Demand "Very Strong" in Nation's First Carbon Allowance Auction
Despite the market turmoil and liquidity concerns on Wall Street in recent weeks, the nation's first government-run auction of carbon dioxide emissions allowances met with "very strong demand," according to the coalition of ten states, the Regional Greenhouse Gas Initiate (RGGI), that is implementing a mandatory carbon dioxide cap-and-trade program in the Northeast and Mid-Atlantic United States. The next auction will take place on December 17, 2008.
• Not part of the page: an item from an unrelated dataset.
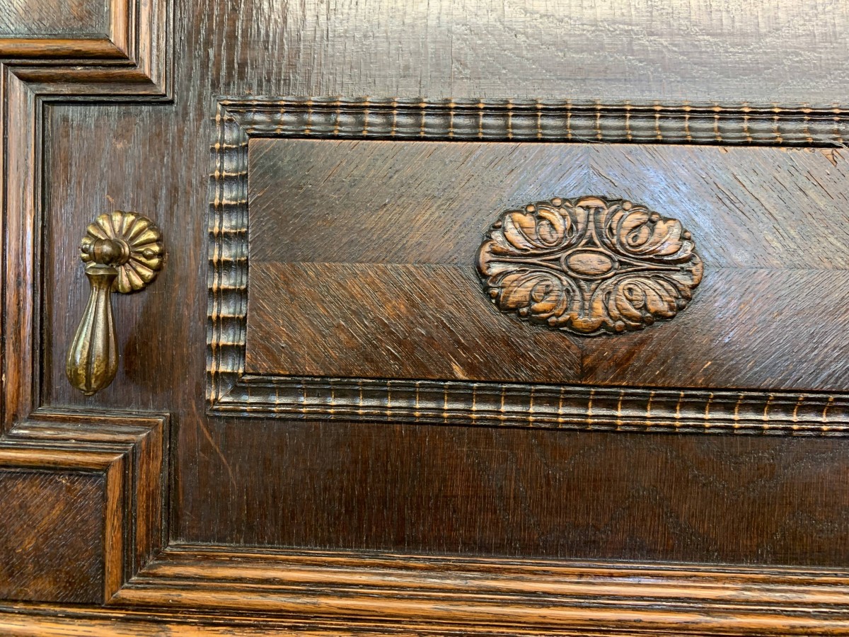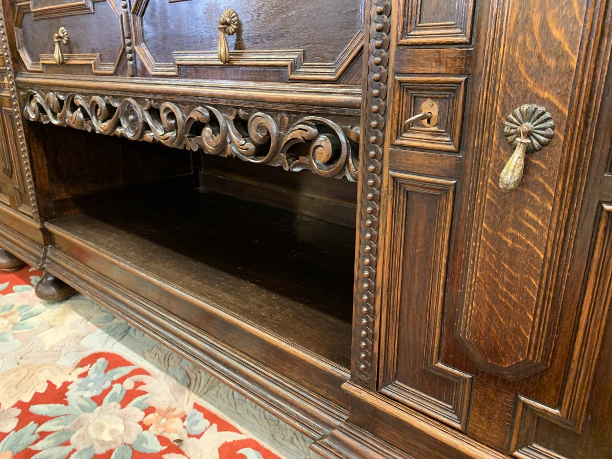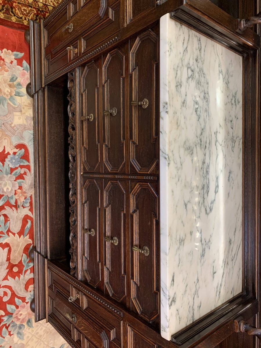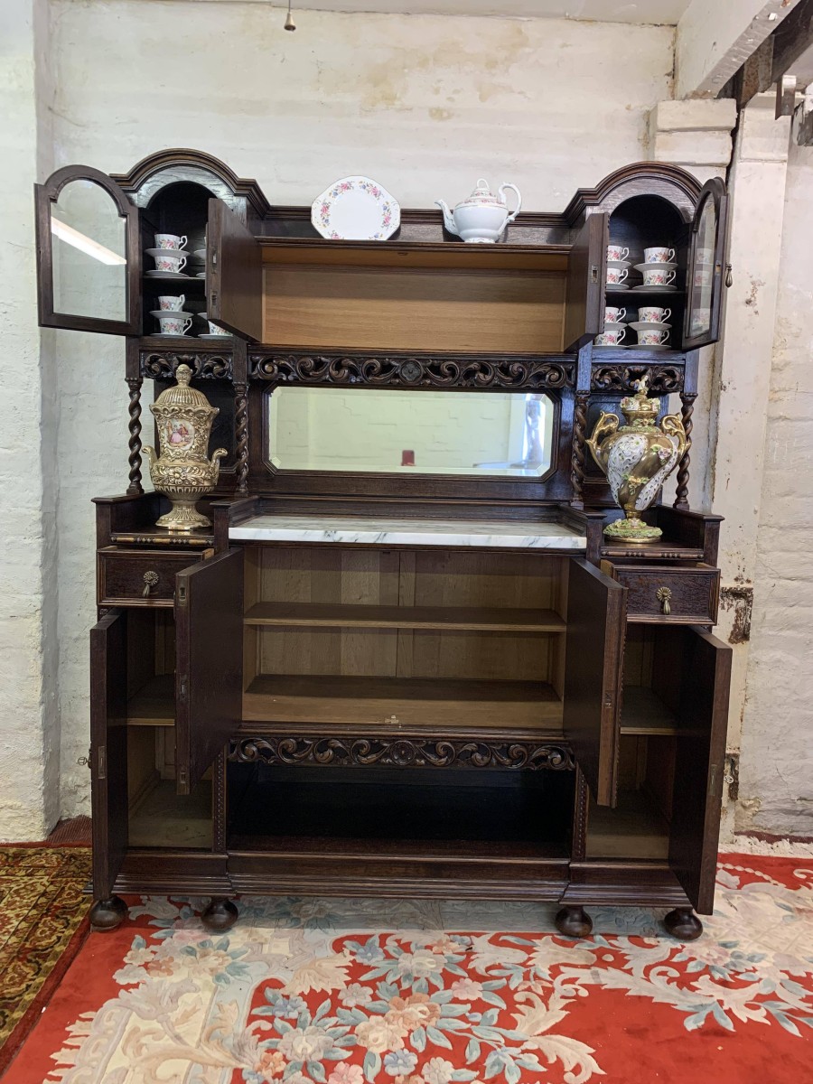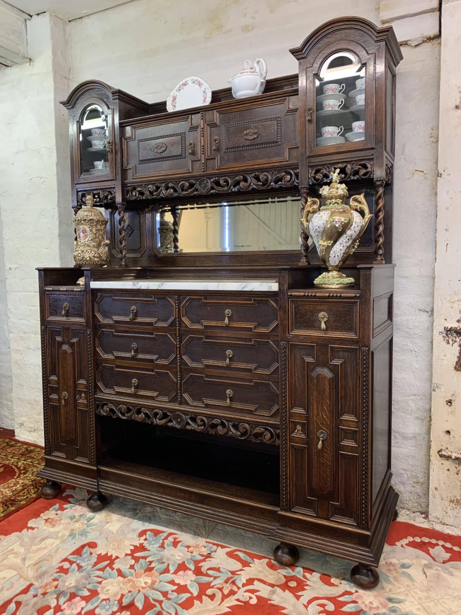An unusual antique oak barley twist dresser which is in super condition. The top section has a pair of carved recessed panelled doors, each door having a brass teardrop handle. The doors open to reveal storage space. To the sides are glazed dome top sections, each having a brass tear drop handle, bevel edged glazing and open to reveal a removable shelf top. Below each cupboard are a pair of barley twist supports with carving to the front and sides. There is a central bevelled mirror. The base section has a carrara marble insert which sits above a pair of cupboard doors with carvings below and an open section to the base. To the sides you have a drawer which sits above carved recessed panelled lockable cupboard door, the doors open to reveal a removable shelf. Recessed panelled sides this stunning antique item of oak furniture stands on six turned bulbous feet.

On September 29, 2008, RGGI announced that its first carbon allowance auction had generated approximately $38 million in revenues for six of the ten RGGI states that participated in the auction"”Connecticut, Maine, Maryland, Massachusetts, Rhode Island, and Vermont. RGGI reported that the 59 participants represented diverse interests from across financial, energy, and environmental sectors. Demand was so strong that participants sought to purchase nearly four times the number of allowances available for sale at the auction. The price of allowances reflected this demand, with the 12,565,387 available allowances selling at a market clearing price of $3.07 per allowance. This figure is reported to be approximately 65 percent above RGGI's predetermined minimum floor price of $1.86, or 80 percent of the modeled 2009 allowance price.